Con la publicación de El Origen de las Especies, de Darwin (1859), se unificaron el


monogenismo y poligenismo en el paradigma evolucionista que también invadió la esfera de
las ciencias sociales.

Asimismo, los darwinistas sociales apelaban a la idea poligenista de mezcla de razas para
hablar de una “degeneración”, una suerte de involución de la especie (esto derivaría, a su vez,
en posturas eugenésicas). En este marco, los teóricos raciales (Renan, Le Bon, Taine y
Gobineau) iban a proponer una relectura de la historia de los pueblos (pp. 89-90).

En conjunto, entonces, en Brasil, como dice la autora “el modelo racial servía para explicar las
diferencias y jerarquías, pero hechos ciertos arreglos teóricos, no impedía pensar en la
viabilidad de una nación mestiza” (92). Para explicar esto, ya adaptando esas teorías al
contexto local, se crearon museos etnográficos, entre otras instituciones científicas, que
“daban muestra de las características específicas de ese país exótico y, al mismo tiempo, del
origen del problema racial” (p. 325). En este sentido, la ciencia brasileña se abocó a traducir
estas teorías y desechar lo que no servía. Así, por ejemplo, “evolución humana” se combinó
con el concepto de “razas”; la “perfectibilidad” se destituyó de su contenido humanista
rousseauniano original y se lo asignó a determinadas “razas”, excluyendo otras. Las teorías
raciales también sirvieron para legitimar discursos laicizantes y proyectos políticos basados en
la modernidad y el progreso. En este sentido, se ve que la convivencia entre el discurso liberal
y racial no es conflictiva en ese contexto.

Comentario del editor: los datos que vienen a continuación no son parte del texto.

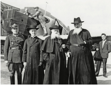
Metropolita mohylewski abp Edward Ropp (w okularach) i abp metropolita lwowski obrządku greckokatolickiego Andrzej Szeptycki (z prawej), Poznań, 1930 r.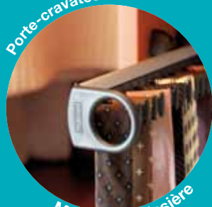
Monté sur glissière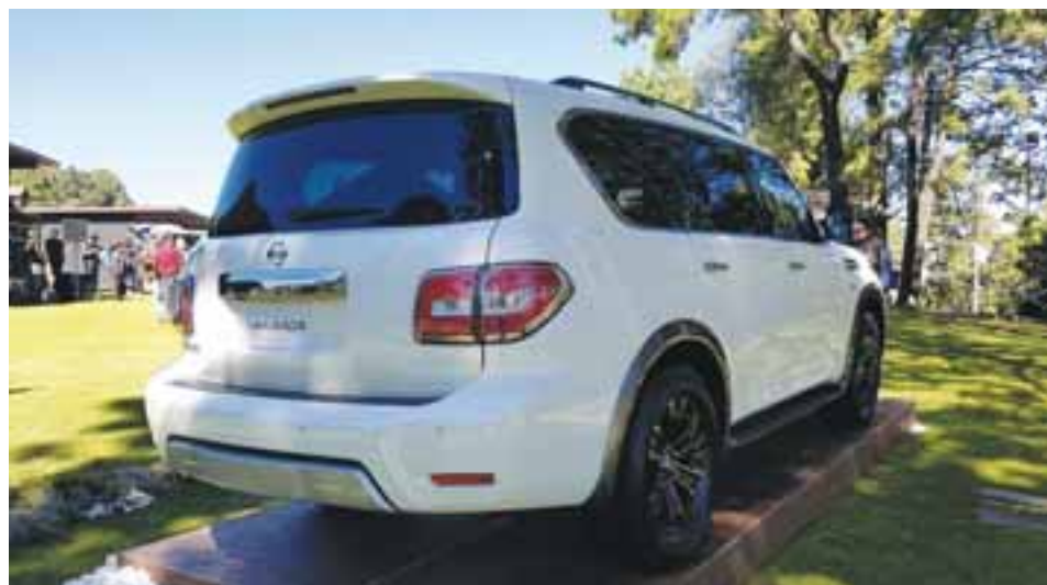
La parte posterior acusa de un portón grande y de funcionamiento eléctrico, lo que facilita su uso. |NISSAN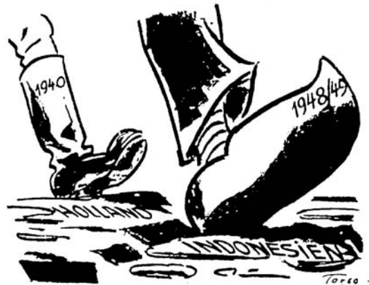
Bron 16 - 'Zweierlei Stiefel' (twee soorten laarzen).

Y acá volvemos al tema de la oligarquía como clase social y política. Un sector que también
desde la época del imperio, se venía reafirmando como económicamente dominante y que,
con la República, ve su ventana de oportunidad para alcanzar el esplendor. Así, durante la
República la élite reafirma su predominancia social, no sólo a partir de las teorías raciales
mencionadas, sino a partir de la diferenciación de clase que les daba el lustre de sus consumos
gustos europeos, ingleses y franceses. Es que ya desde la infancia los miembros de la clase alta
brasileña incorporaban y comenzaban a entender y valorar el sentido de la jerarquía racial que
los encumbraba. En este sentido, recordemos lo que vieron sobre el rol de las amas de leche
negras durante la época del imperio y cómo también, los hijos de estas esclavas negras,
servían como juguetes de los niños de las casas (recuerden a escena que describe Machado de
Assis). Es que, efectivamente, la historiografía especializada reconoce que estas primeras
nociones de afecto del niño de la elite, a la vez, lo introducían a través del juego al tipo de
relaciones raciales que después iba a encontrar en la sociedad. Al mismo tiempo, a esta crianza
se le superponía la socialización en la alta cultura, el idioma, la “civilización” europea, a través
de la institutriz extranjera, que en general era francesa.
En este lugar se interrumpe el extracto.